Thursday, January 28, 2016

Maybe They Thought It Was 'GTA: San Andreas'?

I watch the movie 'San Andreas' last night alongside my wife, who is always up for a Big Dumb Disaster Movie. (The irony is that she also loves to read about geology and vulcanology--half her enjoyment is derived from picking apart the terrible science.) This one has a lot of Big and a lot of Dumb, but I think what bothered me most about it was that it also had a lot of Lazy and a big chunk of Uninteresting, served with a side of Creepy.

The plot, for those of you who missed it, is that the Rock is a frankly terrible human being who steals a rescue chopper in the middle of a natural disaster, abandons his responsibilities to thousands of people in desperate need, and goes after his perfectly capable daughter who has already told him at the halfway point of the film that she's safe and looking for a way out of the city. Along the way, he loots a truck, illegally barters it to some perfectly nice elderly couple (leaving them holding the bag for the inevitable grand theft auto charges) for a light plane which he ditches in mid-air to crash God knows where, then jacks someone's boat. This is the hero. This is the sympathetic guy.

The unsympathetic guy is his ex-wife's new husband, who alerts rescue authorities to the daughter's danger instead of freeing her himself, then wanders around the movie for a while looking for something to do before getting squashed like a bug.

Oh, and Paul Giamatti is in the movie, although he's really not so much "in the movie" as he is "generally movie adjacent". He plays a seismologist who warns people about the earthquake, and we're told saves lives because some of the people listened. He does not interact with the protagonists or antagonists at all, and the movie would be absolutely no different if every scene he was in was excised completely. Which I'm sure he lobbied for hard.

The thing that's hard to get away from is the bizarrely solipsistic tone of the film. The massive 9.1 earthquake that devastates Los Angeles and San Francisco is only ever shown in long shots and convenient set pieces involving the main characters. Everyone else, the entire population of both cities, is treated either as a convenient prop for the Rock to rescue, an obstacle to make their lives less convenient, or a faceless and panicky crowd to fill out the background while the Rock poses or Alexandra Daddario flirts with Hugo Johnstone-Burt. (Honestly, that may be the point of the otherwise entirely superfluous Giamatti scenes, to make people feel better about watching all the mass devastation with bland platitudes about people evacuating the city.)

I do think there's an interesting idea behind all this, believe it or not. I think you could make a movie that would be legitimately compelling about a rescue worker whose family is in the city he's helping save, one where he struggles with the moral dilemma of helping his loved ones or saving dozens of lives. But it would have to be a movie where the main character was actually aware such a moral dilemma existed, and the Rock's character is principally there to be steely determined and to Save the Girl.

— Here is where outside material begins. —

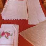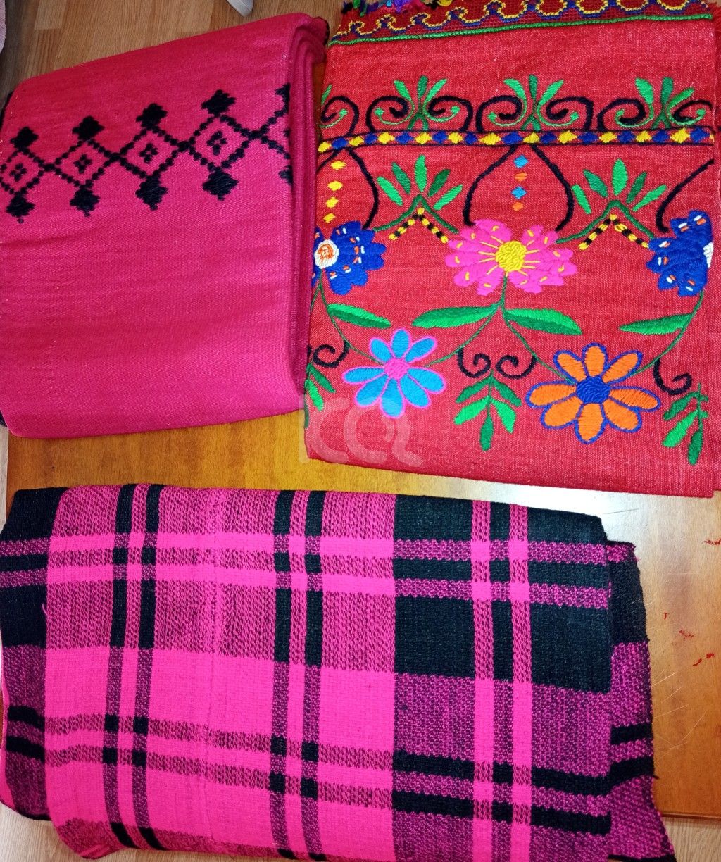Διάφορα χειροποίητα υφαντά σε πολλά σχέδια και χρώματα. Όπως επίσης, πλεκτές κουβέρτες και τραπεζομάντηλα με βελονάκι, σεμέν και τραπεζοκαρε.
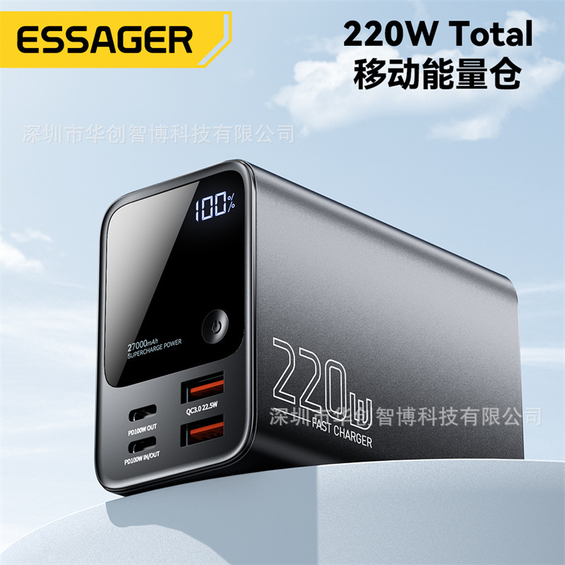 ESSAGER昊铂220W数显移动电源27000mAh大容量100W双...

(Who, again, would have been fine if he'd just told her at the halfway point, "You're doing great, keep right at it and let me know when you get to a refugee checkpoint!" instead of telling her to head directly into the middle of the burning collapsing city so that he could rescue her with the helicopter he stole.)

Watch it for the collapsing buildings, gleefully imagine the Rock being arrested afterward, and you'll feel okay about it all.